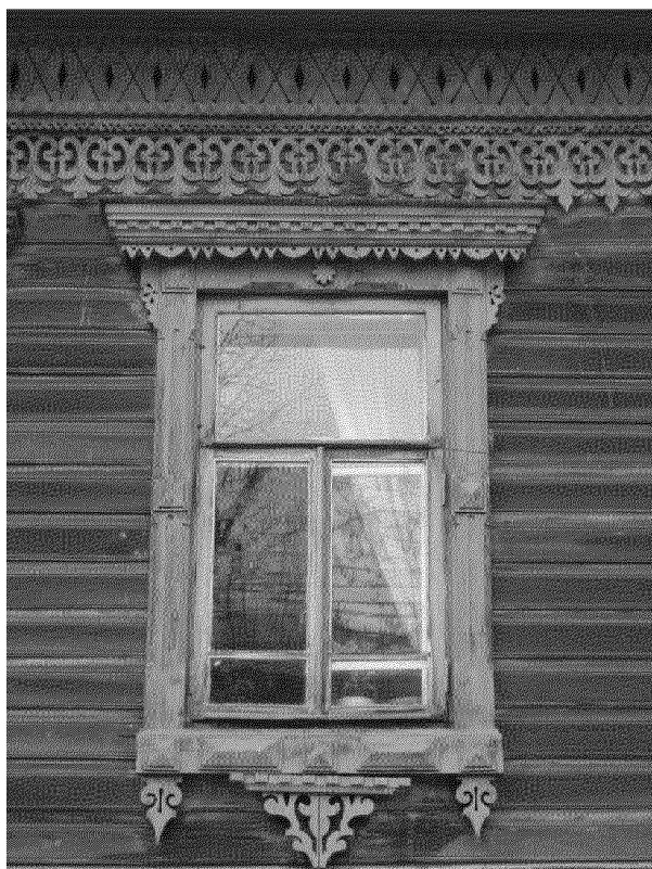
Видовая точка № 7. Окно 2-го этажа. Наличник.
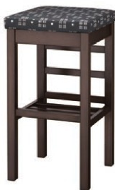
2150-1840 伊賀 D スタンド椅子 張地: カスリレザー (既製品)
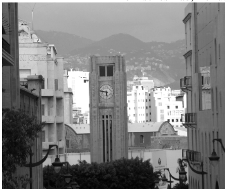
Place de l'Etoile, Beirut
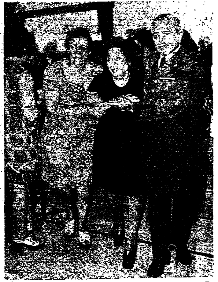
احد الضباط يساعد والدة احدالشهداء في النادي العسكري

وبعد كل ذلك ، ان لاصحاب الجولات ان يبدوا جولة التعقل رحمة بهذا البلد .. وبهم .
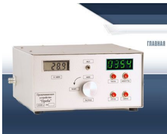
Рис. 1. Вітчизняний пристрій для відбору проб пилу «ПРОБА»

швидкі динамічні змінні газового потоку гравіметричним методом вимірювати практично неможливо.
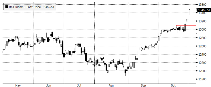
DAX Index (Deutsche Boerse AG German Stock Index DAX) Graph 1620 Daily 02MAY201 Copyright© 2017 Bloomberg Finance L.P. 02-Nov-2017 08:29:33

Źródło: Bloomberg, Dom Maklerski BDM S.A.
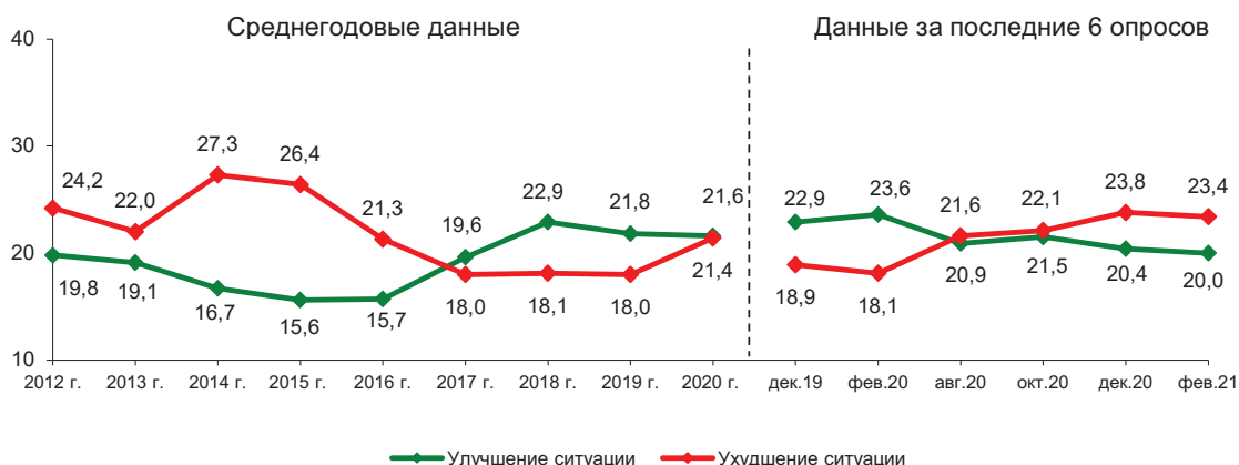
Рис. 12. Что ожидает область в ближайшие месяцы в политической жизни? (в % от числа опрошенных)
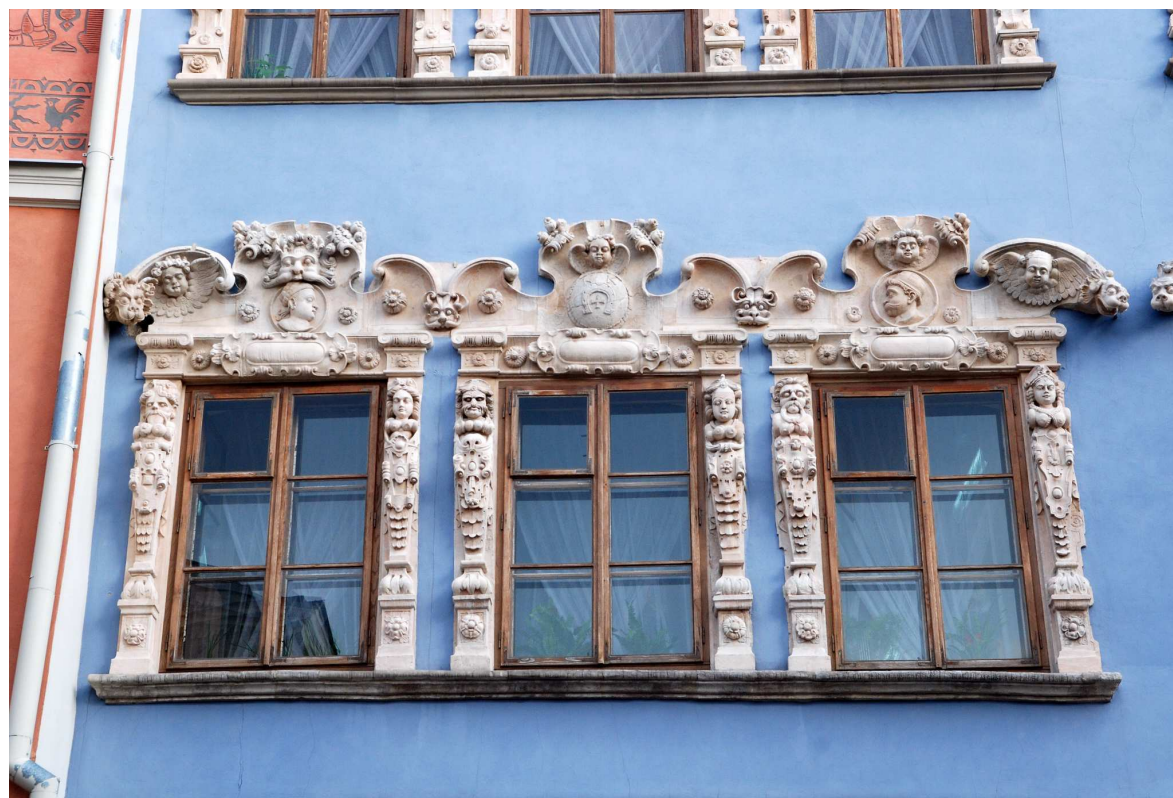
Detal, Rynek 12, fot. Marcin Moszyński, 2010.
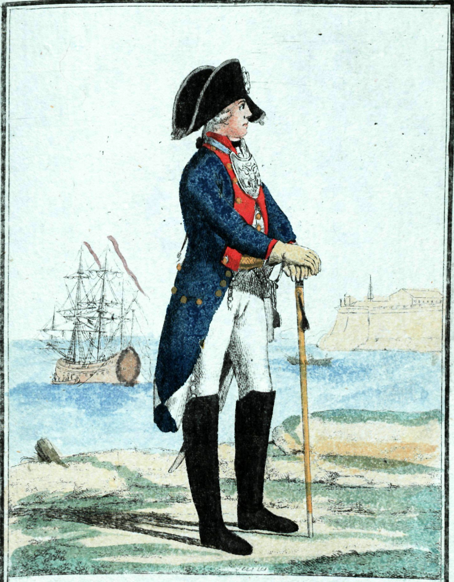
Флотскихъ Баталіоновъ Офицеръ
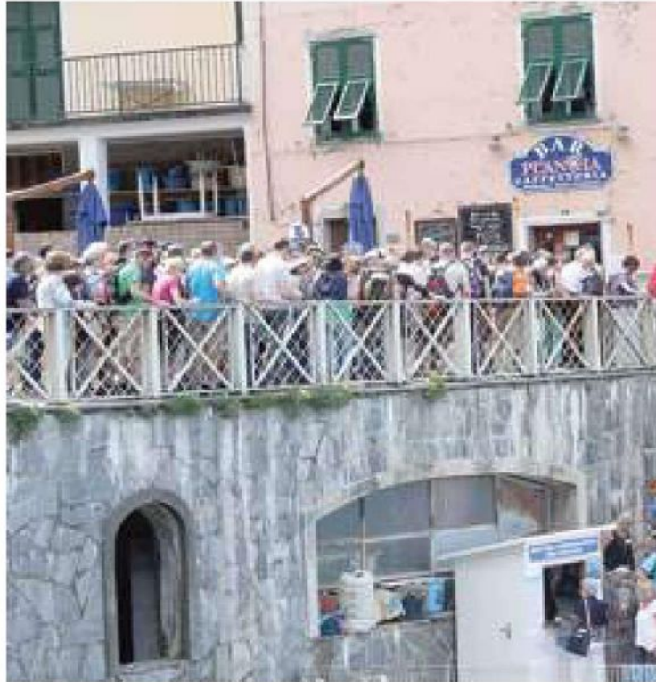
Il borgo di Manarola assediato dai turisti
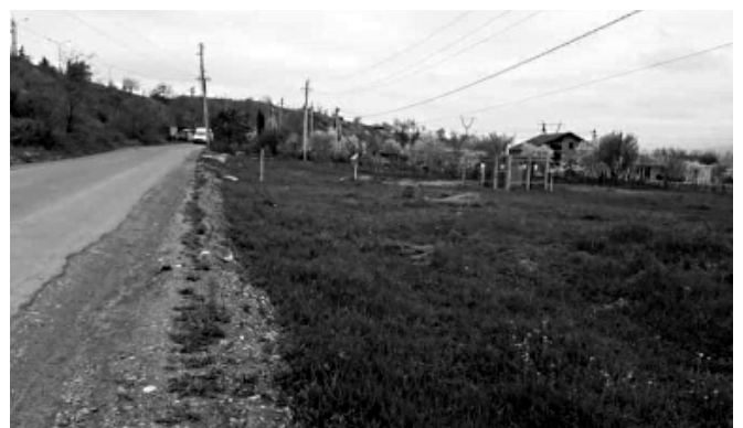
დასასრული მ-6 გვერდი

კომუნალური სერვის ცენტრის თანამშრომლებმა აღდგომის წინა დღეებში ასევე დაასუფთავეს ქანდის სასაფლაო და მისი შემოგარენი.
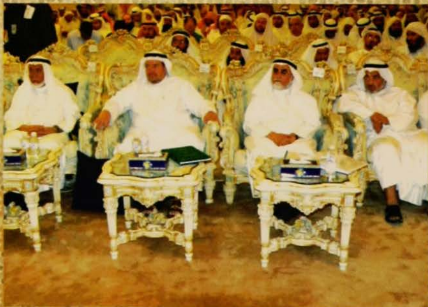
من اليسار معالي الوزير وسعادة الوكيل ورئيس الخبرة ومدير إدارة المسجد الكبير يشاركون في مجلس السماع
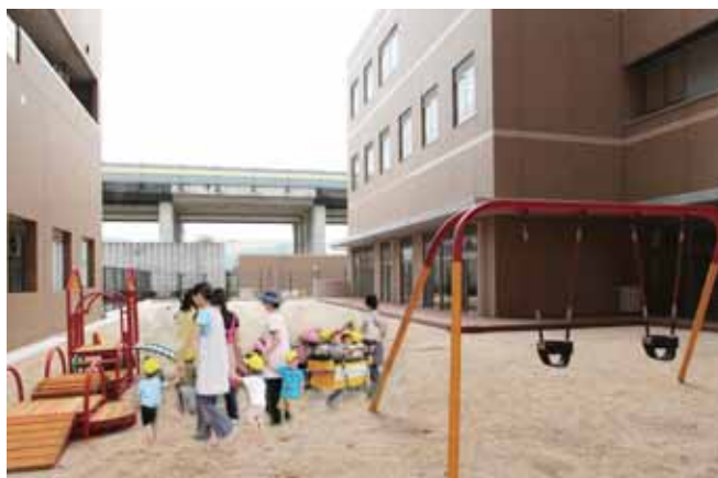
■ 保育所 くるみ園
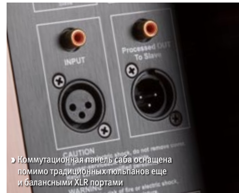
► Коммутационная панель саба оснащена помимо традиционных тюльпанов еще и балансными XLR портами
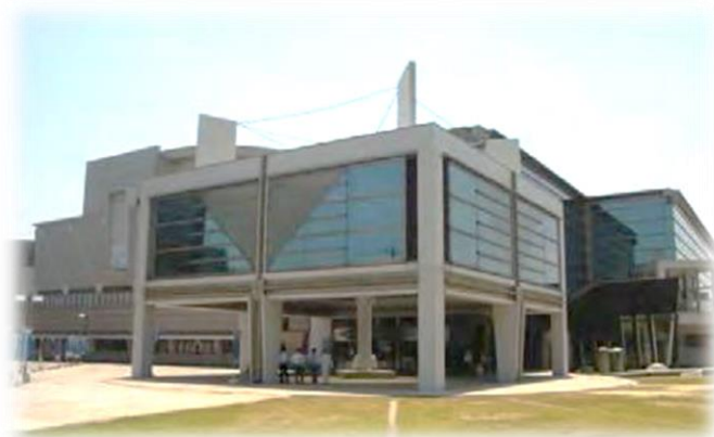
飯塚市文化会館(飯塚コスモスコモン)
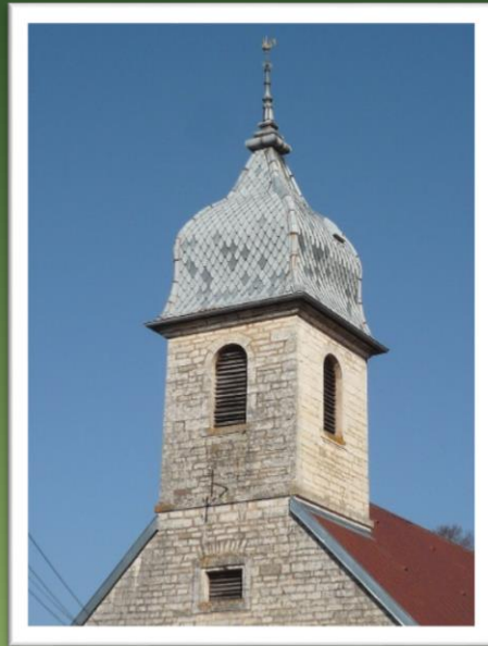
Eglise de Brevilliers (Haute-Saône)
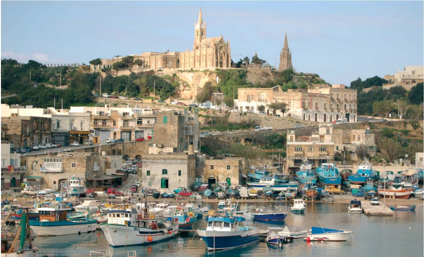
Mgarr auf Gozo

Vor 6000 Jahren errichteten Maltsas Bewohner aus riesigen Steinblöcken die Tempel der Großen Mutter. Phönizier, Karthager, Römer, Araber, Johanniter und zuletzt die Briten prägten das Gesicht der Insel wesentlich. Wer Malta besaß, hatte den „Schlüssel zum Mittelmeer“. In einer Woche erschließen wir Ihnen von einem Standort aus die Geschichte Maltsas, führen zu den traditionellen Gedenkorten des Schiffsbruchs Pauli und frühchristlichen Heiligtümern. Zwei Tage stehen zur freien Verfügung und bieten Zeit zur Erholung oder für weitere Ausflüge, u.a. zur Nachbarinsel Gozo.
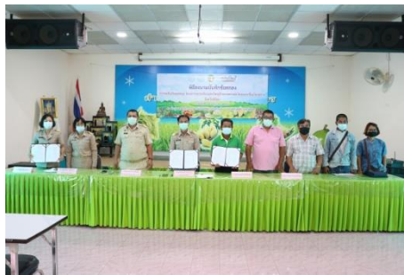
ภาพพิธีลงนามบันทึกข้อตกลงการขอรับเงินอุดหนุนโครงการฯ

วันที่ ๑๔ มิถุนายน ๒๕๖๔ ณ ห้องประชุมสำนักงานเกษตรจังหวัดพิจิตร อำเภอเมืองพิจิตร จังหวัดพิจิตร
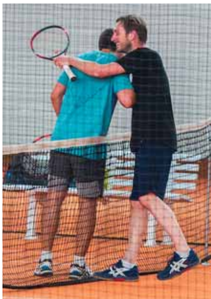
Finalisten Breitenport beim Shake-Hands
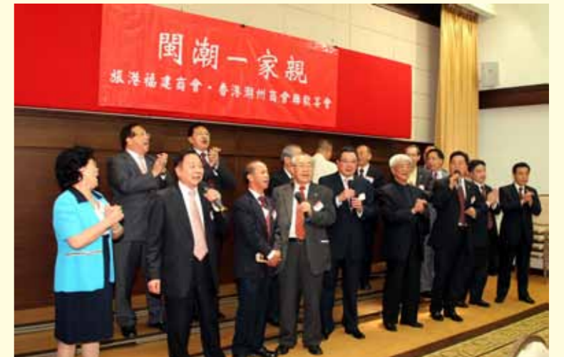
■ 兩會首長及嘉賓高歌一曲《愛拼才會贏》。
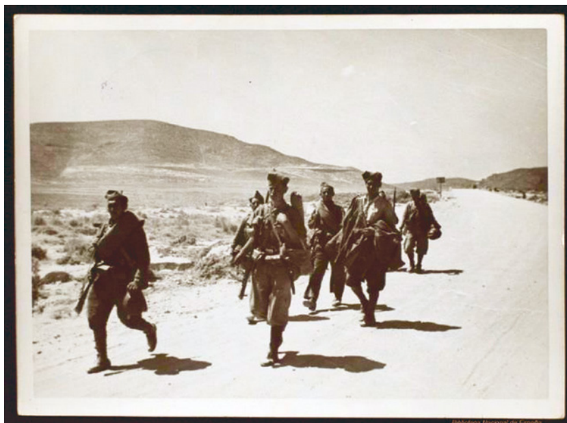
Fig 1. Avanzadillas de Franco, se dirigen a ocupar Villanueva de la Serena (27-07-1938).
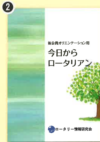
2 今日からロータリアン (新会員オリエンテーション用) 新会員のためのロータリー情報を1時間でわかるように、やさしく解説してあります。
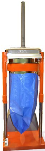
Altura de vaciado de 2.660 mm de serie

Es sencillo introducir materiales en la unidad de carga superior abierta. La compactadora es segura y fácil de manejar y la función de elevación integrada permite cambiar la bolsa de forma rápida y cómoda.
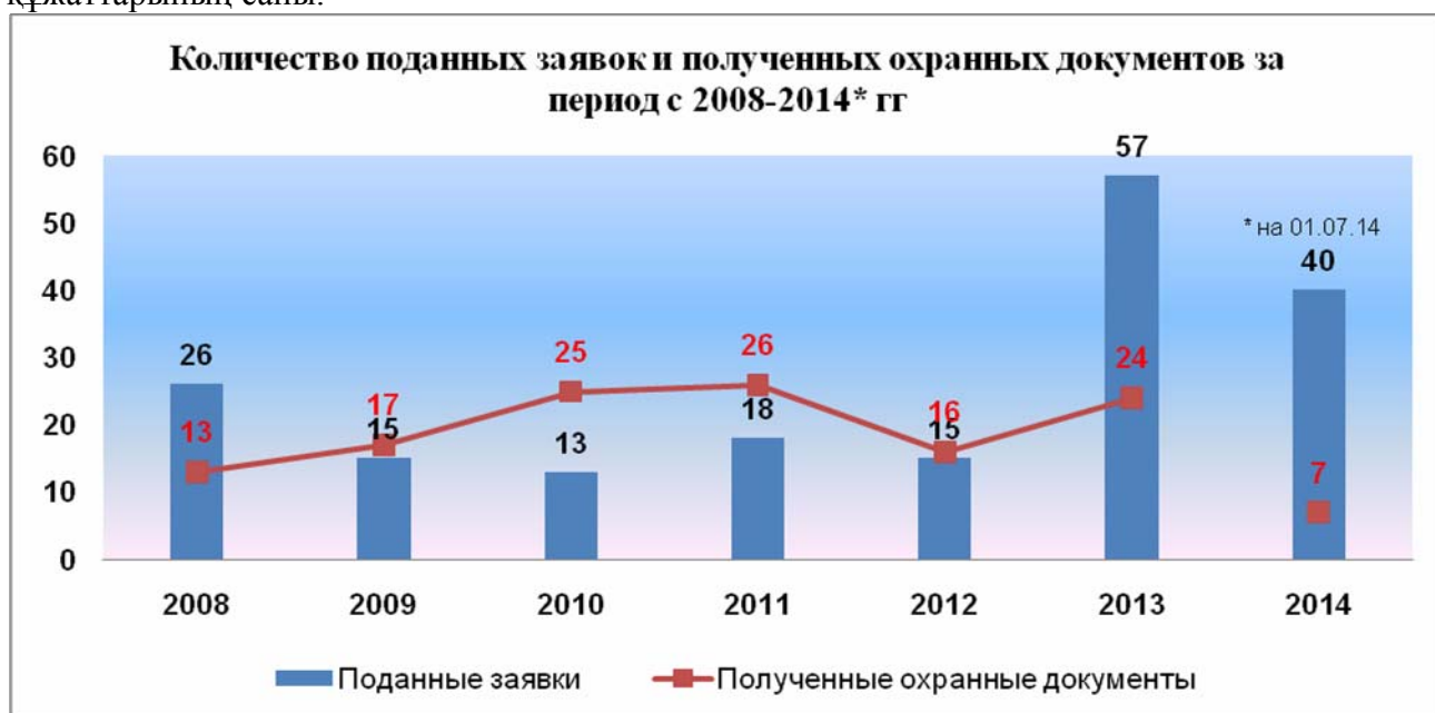
Диаграмма 1. 2008-2014 жж* кезеңіндегі берілген өтінім және алынған қорғау құжаттарының саны.
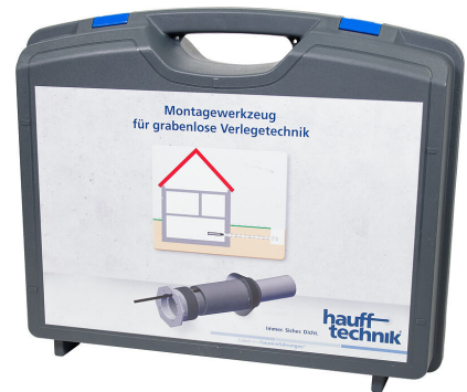
Montagekoffer MIS NoDig
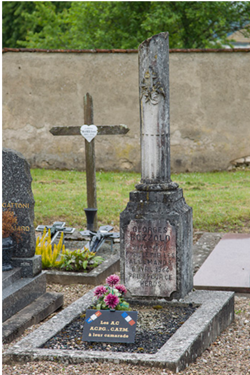
Tombeau de Bozzolo.
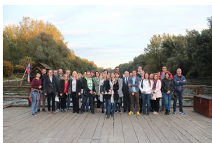
Spotkanie partnerów projektu YouInHerit w Słowenii
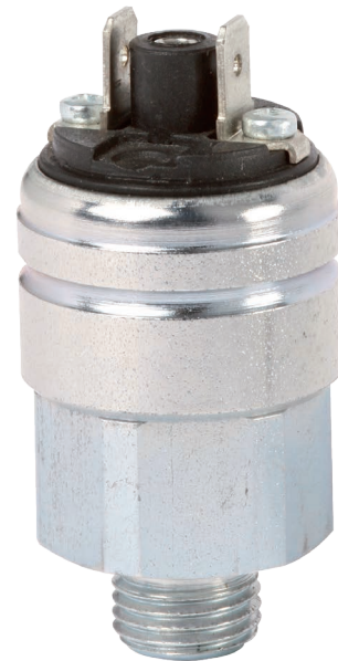
Presostato compacto OEM, versión básica, modelo PSM06
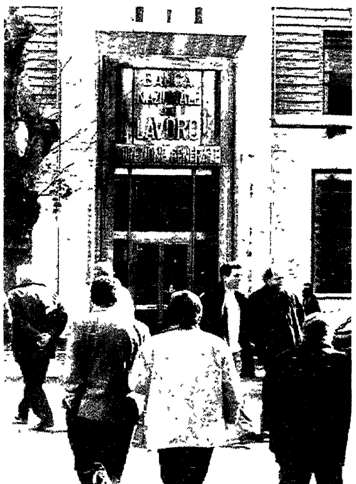
La sede centrale della Bnl a Roma

Al vertici di alcune grosse banche ci sono delle persone indagate. Che ne pensi? In alcuni di questi casi non vedo elementi di giudizio penalmente rilevanti. In ogni caso è opportuno un ricambio della dirigenza bancaria.
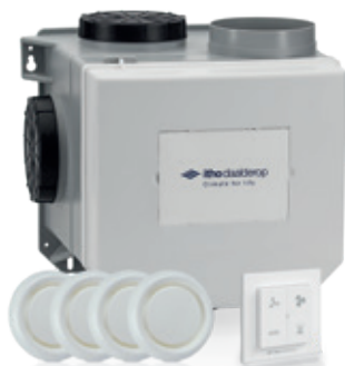
CVE-S ECO Alles-in-1 pakket
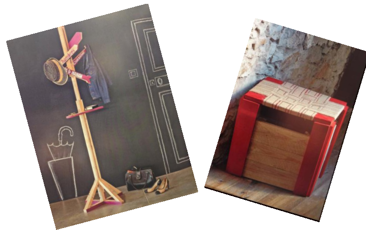
illustration page suivante
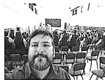
Apoyo logístico en la presentación de propuesta artística la Galería, en las instalaciones del Belén

*TASK ITEM*. Search the entries above for the string "Bloomberg". Copy each line that holds it.

*EXERCISE SOLUTION*.
DAX Index (Deutsche Boerse AG German Stock Index DAX) Graph 1620 Daily 02MAY201 Copyright© 2017 Bloomberg Finance L.P. 02-Nov-2017 08:29:33
Źródło: Bloomberg, Dom Maklerski BDM S.A.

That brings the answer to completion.